The Adams–Onís treaty was signed on 22 February 1819 after two years of difficult negotiations and the intervention of the French ambassador Hyde de Neuville, who defended the Spanish position against the radicalism of Henry Clay in the United States Congress, and General Andrew Jackson, who was notoriously hostile to the Spanish presence in East Florida.

Ratification of the treaty had been postponed for two years since Spain wanted to use it as an incentive to keep the United States from lending diplomatic support to the revolutionaries in South America. As soon as the treaty was signed, the US Senate ratified it unanimously; but because of Spain's stalling, a new ratification was necessary and this time there were objections. Clay and other western spokesmen demanded that Spain also give up Texas, but that proposal was defeated by the Senate, which ratified the treaty a second time on 19 February 1821, following ratification by Spain on 24 October 1820. Ratifications were exchanged three days later and the treaty was proclaimed on 22 February 1821, two years after its signing.
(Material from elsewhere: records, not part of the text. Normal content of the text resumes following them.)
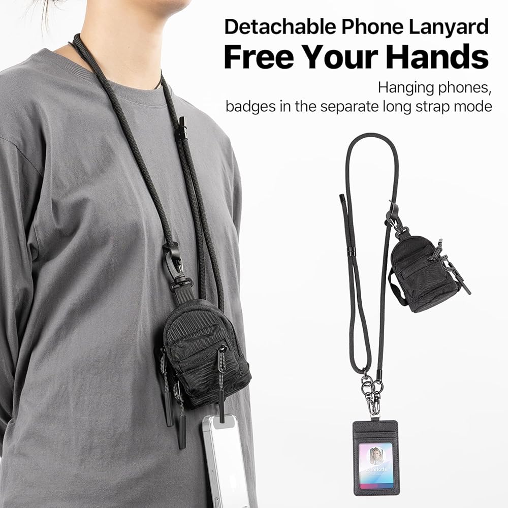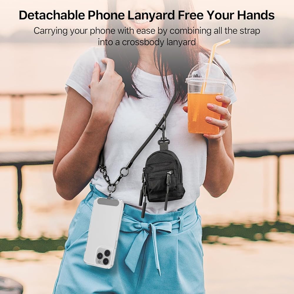 SOOPII حزام الهاتف المحمول مع محفظة قابلة للفصل، حزام بدون استخدام اليدين للهاتف مع حقيبة ظهر حامل بطاقات صغيرة بسحاب، حبل هاتف قابل للتعديل مع حامل عملات معدنية للهواتف المختلفة
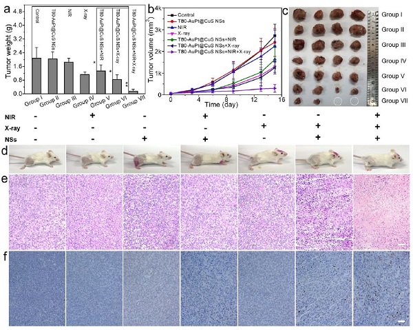 (f)γ-H2AX染色代表第3天肿瘤切片的DSB。
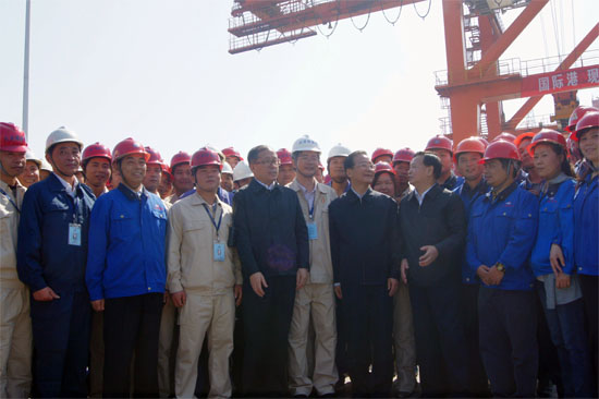 国务院总理温家宝视察武汉新港阳逻集装箱港区
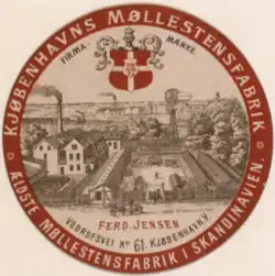 Københavns Møllestensfabrik was founded by Ferdinand Jensen (1844-1898) on 10 November 1868. The company was located on Toldbodvej (now Esplanaden). Jensen had recently returned from Germany and France where he had worked for some of the leading manufacturers of mill stones. The French mill stones were very sought after in Denmark at the time.[1]
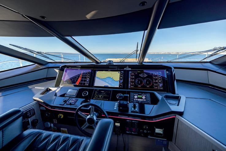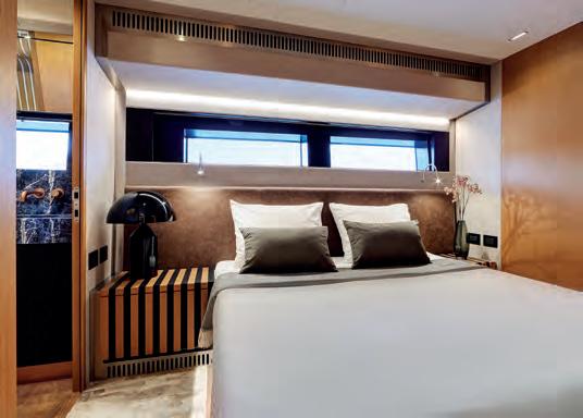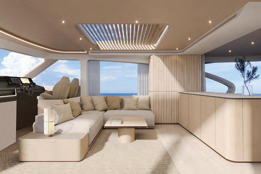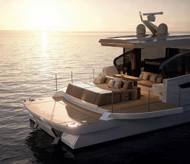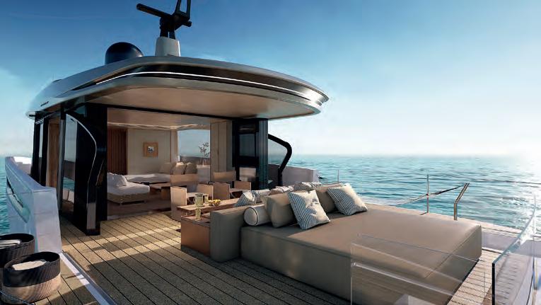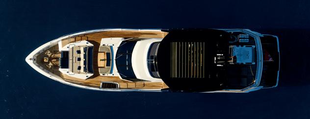 – Innovative sweeping flybridge with uninterrupted walk-around access from bow to stern.
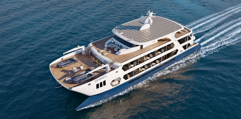 After a month and half of it sailing the Galapagos Islands, Hermes Mega Catamaran’s owner, Ecuadorian destination management company Via Natura, has released a tantalising look inside the striking superyacht.
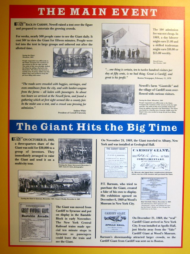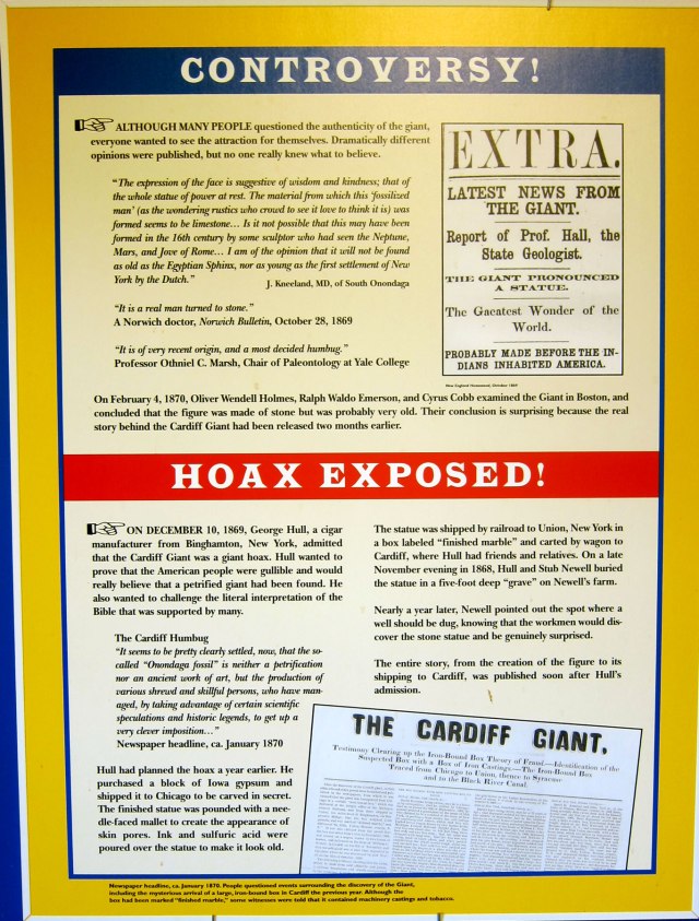 I went into the entrance in the stone barn above (restrooms in the stone silos) to get a map of the farm to make a decision. There was a sign – Cardiff Giant. I could not believe it, was the GIANT really here (historian that I am)? Yes, and the young lady at the counter (unlike the ticket seller at classic The Stanley Theater in Utica) said, “he is just around the corner if you would like to take a look.” Of course !!!
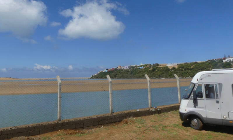 We staan nu op de stadscamping in Kenitra, een voor ons bekende plek. Het is goed voor 1 nacht, veel Fransen vinden voor maanden, dat zal wel met de prijs te maken hebben, €4,50 per overnachting. Je moet niet in de buurt gaan staan van de bar/restaurant, ze hebben een alcoholvergunning, daardoor wil het nog wel eens luidruchtig zijn. Er zijn nog een paar campings in Marokko waar alcohol in de bar of restaurant wordt geschonken, dit is zover wij weten, de enige bar waar ook hoeren komen. En dat terwijl prostitutie in Marokko verboden is, als het binnen bepaalde perken blijft wordt er w.s. niet handhavend opgetreden.

The treaty consisted of 16 articles, half of which settled issues that had been in dispute since 1783, ceding all the lands of the Spanish Crown located east of the Mississippi, known as the Floridas, to the United States. Settling the most serious point of contention, determining the borders to the west and northwest of the Mississippi, was delayed until the last moment, as Onís aimed at all costs to keep Texas, New Mexico and California under the dominion of Spain.

The signing of the treaty received a surprisingly favorable response from the public and the United States Senate. Onís returned to Europe, convinced that the alternative to signing the treaty would have been the loss of all Spanish territories as far west as the boundaries of the Rio Grande and parts of the interior provinces (Provincias Internas) of New Spain.
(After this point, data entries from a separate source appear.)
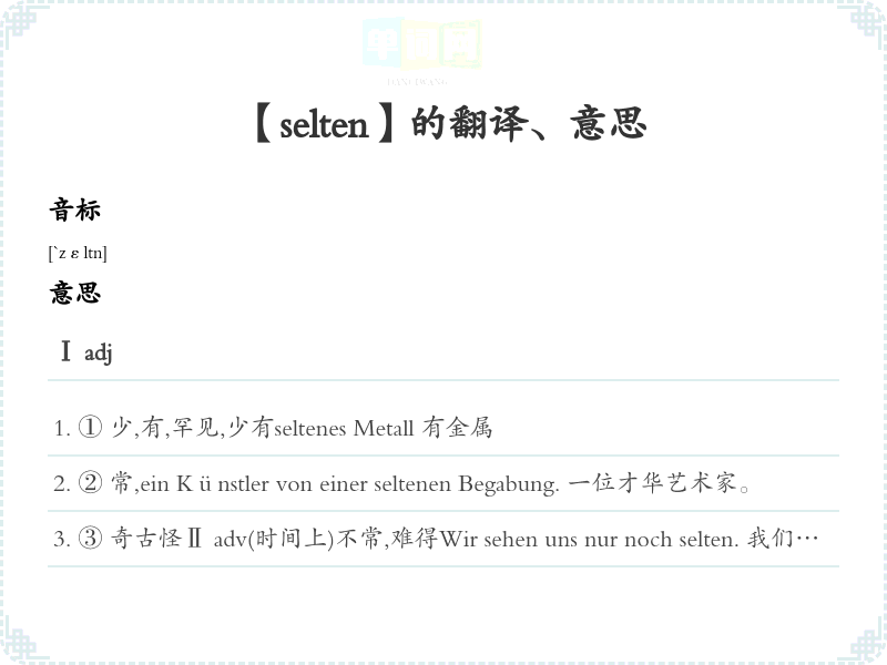 ③ 奇古怪Ⅱ adv(时间上)不常,难得Wir sehen uns nur noch selten. 我们现在很少见面。
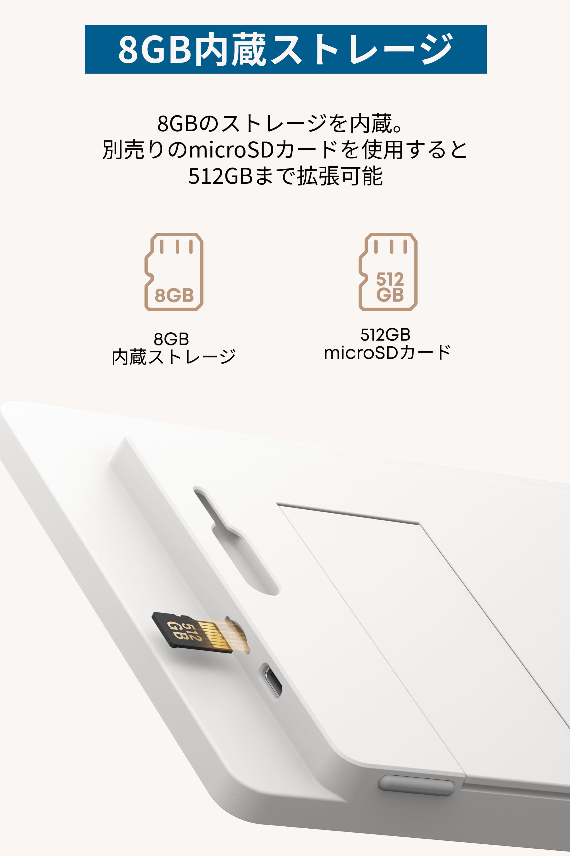 8GBのストレージを内蔵。別売りのmicroSDカードを購入すると512GBまで拡張可能。大容量で必要な録画データを保存することができます。
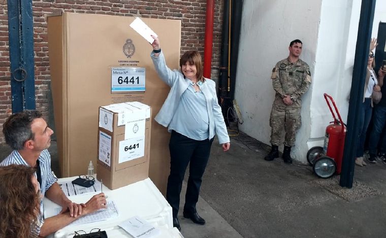 Cuando el 29,6% del padrón ya había votado en las elecciones generales, cuando el resto de los candidatos a presidentes ya habían emitido su voto, Patricia Bullrich, la representante de Juntos por el Cambio en estos comicios, se acercó al predio de La Rural por la calle Sarmiento minutos después de la una del mediodía. Sonriente, saludando a todos, prestándose a las selfies, vestida de celeste y con la escarapela en una de las solapas de su campera, tardó más de veinte minutos en llegar a la mesa de votación.
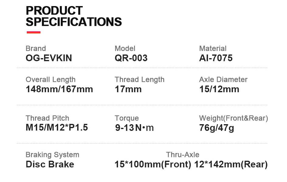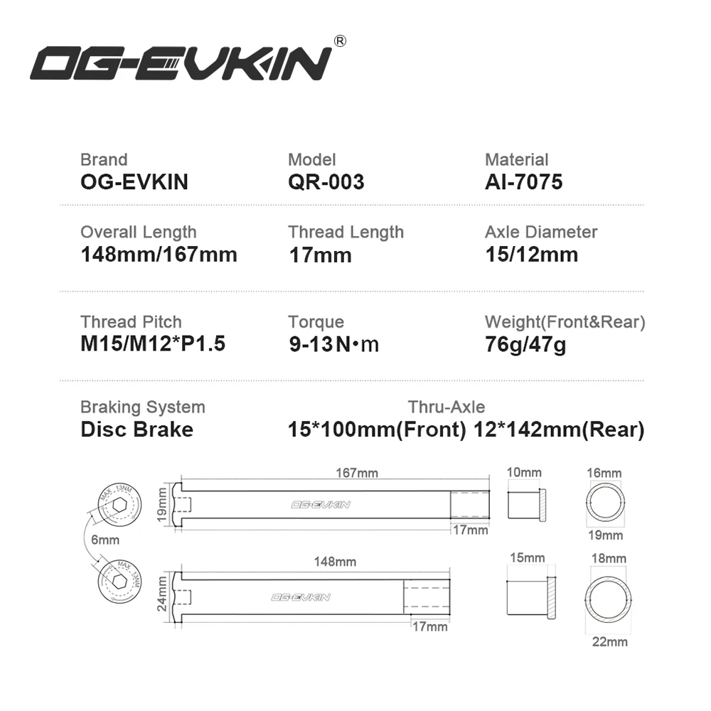 OG-EVKIN QR003 углеродный дисковый тормоз для дорожного велосипеда, быстросъемный передний 15x100 мм задний 12x142 мм для горного дорожного велосипеда M15M12 * P1.5 шампуры

The Adams–Onís Treaty closed the first era of United States expansion by providing for the cession of East Florida; the abandonment of the controversy over West Florida (a portion of which had been seized by the United States); and the delineating of a boundary with the Spanish province of Mexico that clearly made Spanish Texas a part of Mexico, thus ending much of the vagueness in the boundaries of the Louisiana Purchase. Spain also ceded, to the US, its claims to the Oregon Country. For Spain, it meant that it kept Texas and retained a buffer zone between its Californian and New Mexican possessions and the territories of the United States.

In 1820 Onís published a 152-page memoir on the diplomatic negotiation. It was translated from Spanish to English by US diplomatic commission secretary, Tobias Watkins, and republished in 1821 in the US.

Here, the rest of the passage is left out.